When the posteriors agree closely, the cheap pathfinder update with informed priors can stand in for a full NUTS refit. Using NUTS-informed priors helps center the pathfinder fit on the posterior mode. While it may still underestimate the tails of individual parameters, the resulting nowcast is often a relatively good approximation of the NUTS gold standard. A production workflow might run full NUTS weekly and use informed pathfinder updates in between, falling back to a full refit if parameter agreement drifts. Results are model- and data-specific: always check on your own setup before relying on this pattern. See ?enw_replace_priors for details on setting priors from previous fits.

Summary

Method Speed Posterior quality Diagnostics Best for
NUTS (prior init) Slow Gold standard Full MCMC diagnostics Final inference, publication
NUTS (pathfinder init) Similar to prior-init NUTS on these models Gold standard Full MCMC diagnostics Difficult models where standard NUTS shows convergence issues
Pathfinder ~7-15x faster than NUTS here Approximate; narrow posteriors with high Pareto k on these models Pareto k only Model development, exploration, quick checks

Practical guidance:

  • Start with pathfinder during model development to iterate quickly on specification choices.

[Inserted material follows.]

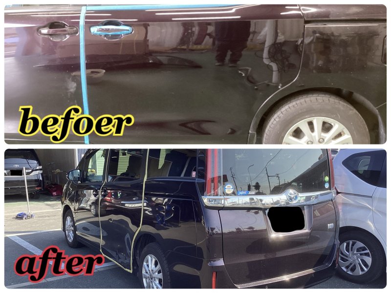 静岡県浜松市中央区|ノア(トヨタ)のキズ・へこみ直し事例(リアドア補修)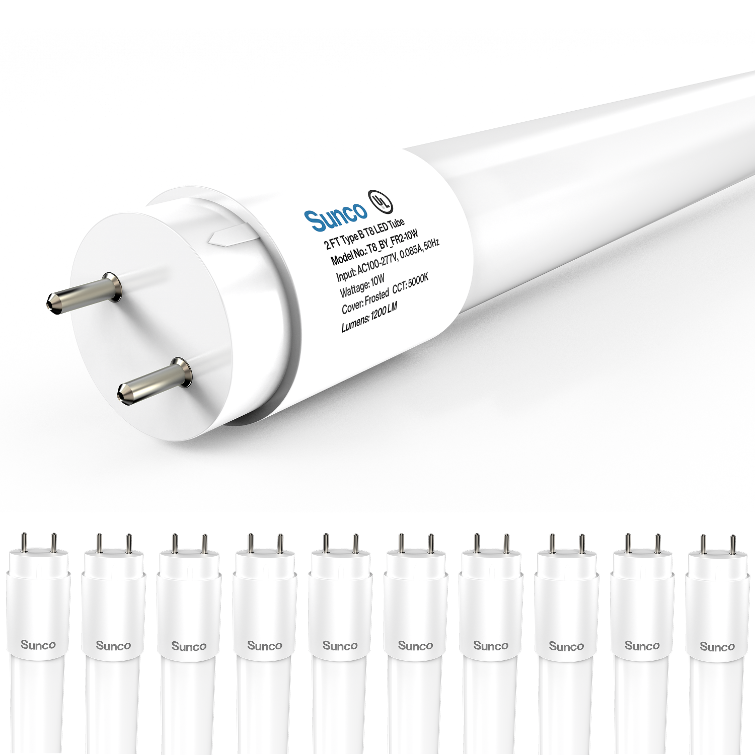 T8 LED Tube, 2ft, Frosted Glass, Bypass, Type B, 10W, Single/Double Ended, 1200 Lumens Specifications

  • Switch to NUTS for final inference when results will be reported or used for decisions.

  • Use pathfinder-initialised NUTS when standard NUTS shows convergence issues (high Rhat, many divergent transitions) or slow warmup.

  • Check Pareto k values from pathfinder fits: high values (> 0.7) warn that the approximation may be unreliable.

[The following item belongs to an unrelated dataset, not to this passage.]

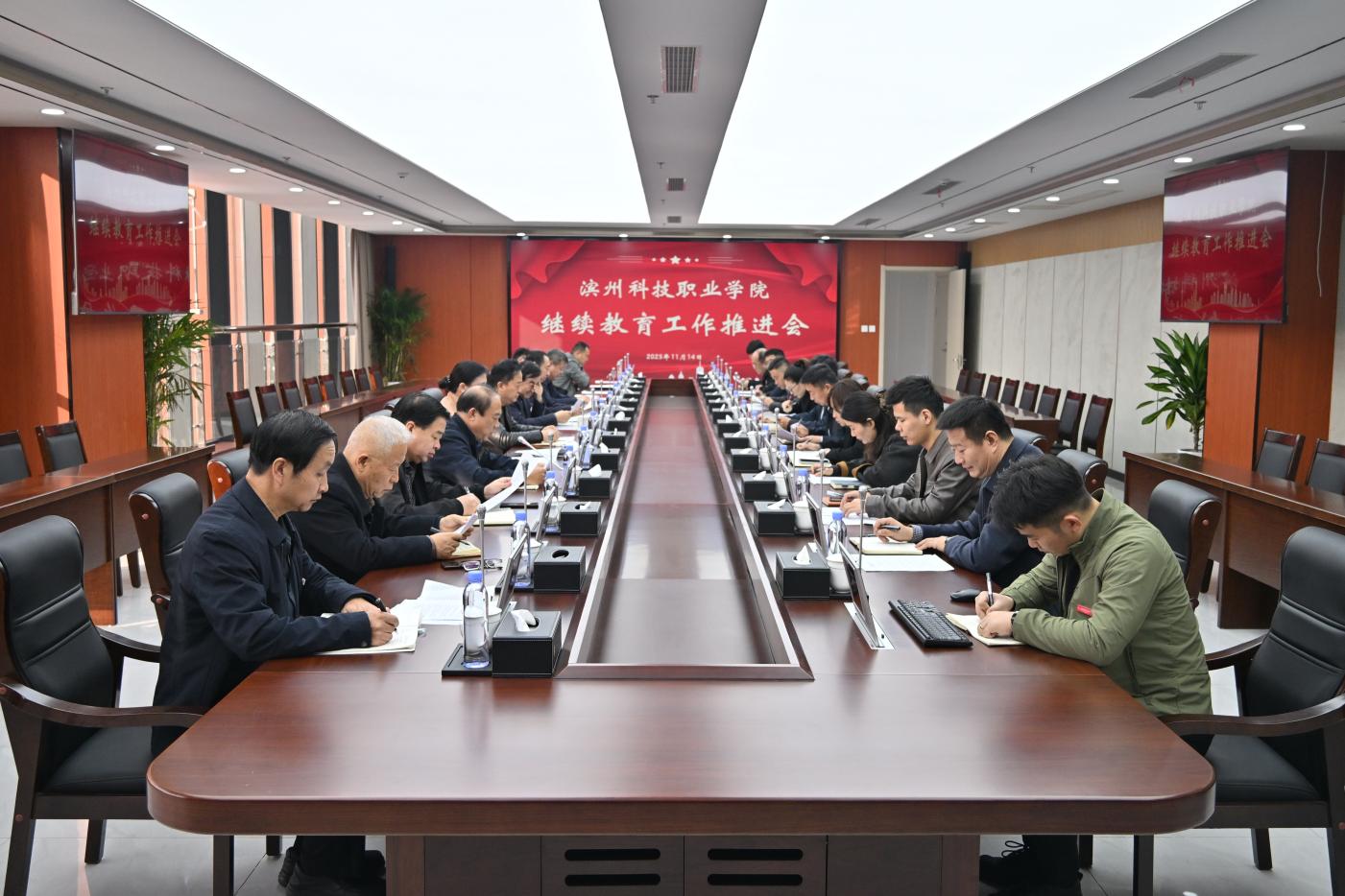 为进一步推动学校继续教育工作高质量发展,保障自考助学招生工作顺利开展,2025年11月14日,我校召开继续教育工作推进会。滨州渤海教育集团董事长刘相生,滨州科技职业学院执行校长孙才顺,党委委员、副校长刘曙明,党委委员,副校长吴启军,校长助理、经济管理学院院长杨婷出席会议,相关部门、各二级学院主要负责人参加会议。会议由执行校长孙才顺主持。

  • If Pareto k values are high, try increasing num_paths (e.g., to 10 or 20) to improve the variational approximation.

  • For real-time workflows, consider running full NUTS periodically and using pathfinder with posterior-as-prior for cheap intermediate updates, as shown in the updating section above.

For more on computational options see the features summary. For help with Stan diagnostics see the Stan help vignette.